The Orientals left their mark on the Sierras de Mahoma during the exodus that was headed by the hero of the homeland, José Gervasio Artigas. That is just one of the attractions that a guided visit of these lands has, with unique landscapes, caves, lakes and paths. The place also was the scene of the war in 1904, betweem the ranks of the Nacional and Colorado political parties. Attractions like the stone wall, in a natural context of native vegetation and fauna, coexist with energy places ideal for mediation. You can take the tour on your own account, paying a minimum fee, or hire a guide, either a personal one or as part of a group. The guided tour takes between 90 and 120 minutes. You can also take the trip on horseback or enjoy the campsite and camp fires which are available. The entrance to the hills is through an inn at kilometer 126 on Route 23.

Kiyú Resort

Kiyú Resort

At 14 kilometers on Route 1 (entrance at kilometer 61), Kiyú provides an attractive coast on the Río de la Plata, with white sand crowned by gullies of up to 50 meters.
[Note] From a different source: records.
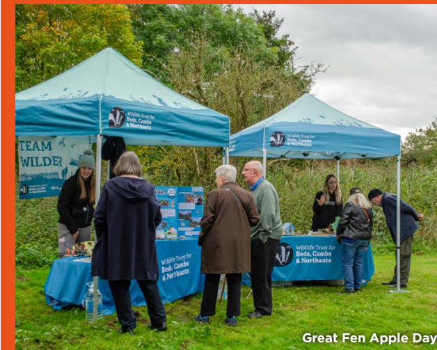
Great Fen Apple Day
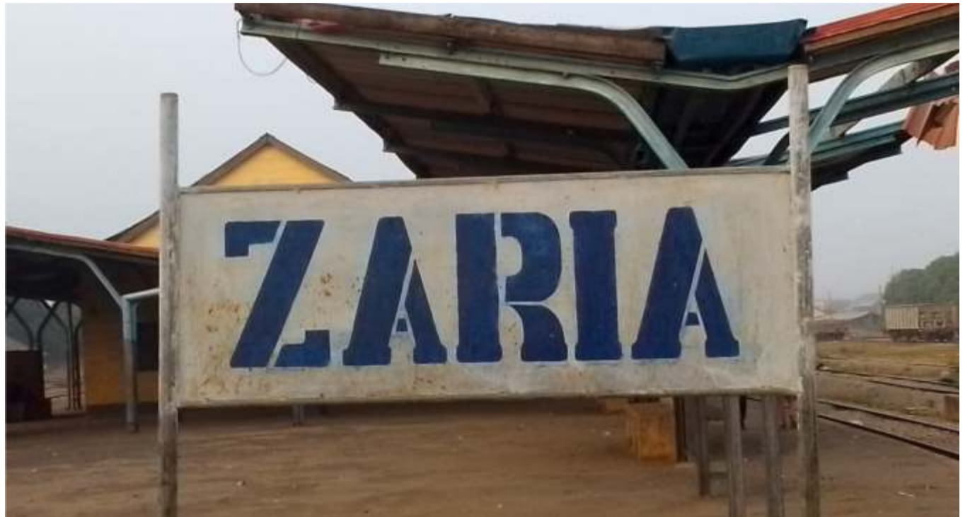
Zaria Train Station

Saturday morning. The Kano-Lagos train service is very important for conveyance of cargo to the Kaduna, Kano and Funtua dry ports. Besides this, Kauran
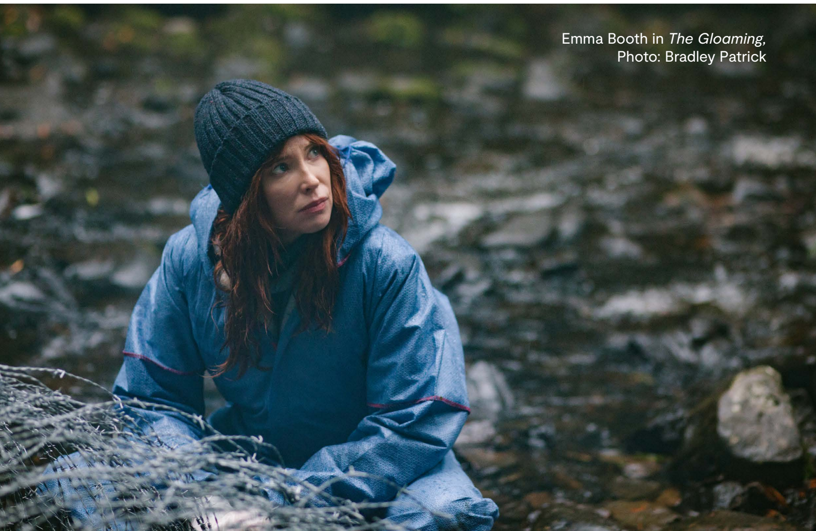
Emma Booth in The Gloaming

Funding for other (non-mandatory) attachment

It is a place of calm water, suitable for the whole family. In addition, the more adventurous can enter the gullies through some wild trails. The highest points are the preference of para-gliders and hand-gliders.

Boca del Cufré

Boca del Cufré

“Certified Natural Beach for Environmental Management”. With this title that the Boca del Cufré resort has won, the good quality of the water, sand, services and security is guaranteed. It is located on the outlet of the Cufé stream, in the Río de la Plata. In addition to being an exceptional place for bathing, you can do other activities such as canoeing, fishing and camping. Entrance from kilometer 100 on Route 1.

Macció Theater

Macció Theater

With spectacular acoustics and a magnificent view from any point in the room, the Bartolomé Macció Theater stands in the capital of San José as a bastion of Maragata and national culture. It has the special distinction that Carlos Gardel sang on its stage for the last time in Uruguay. On accessing its installations you are surprised by the weight of the Italian plush curtain and the great size of the Murano crystal chandelier which is reminiscent of the opulence of yesteryear. The hall was inaugurated in 1912 with words from the poet Juan Zorrilla de San Martín, before the watchful eye of the authorities and figures of the national culture. Since then, there has been theater plays, cinema and even dances on its stage. Witness of the ups and downs of a century, the Macció Theater was closed between 1965 and 1973 because of its deterioration, but in 2010 it had a complete restoration, to return to reign as a first class international stage. Address: 18 de Julio and 25 de Mayo (San José).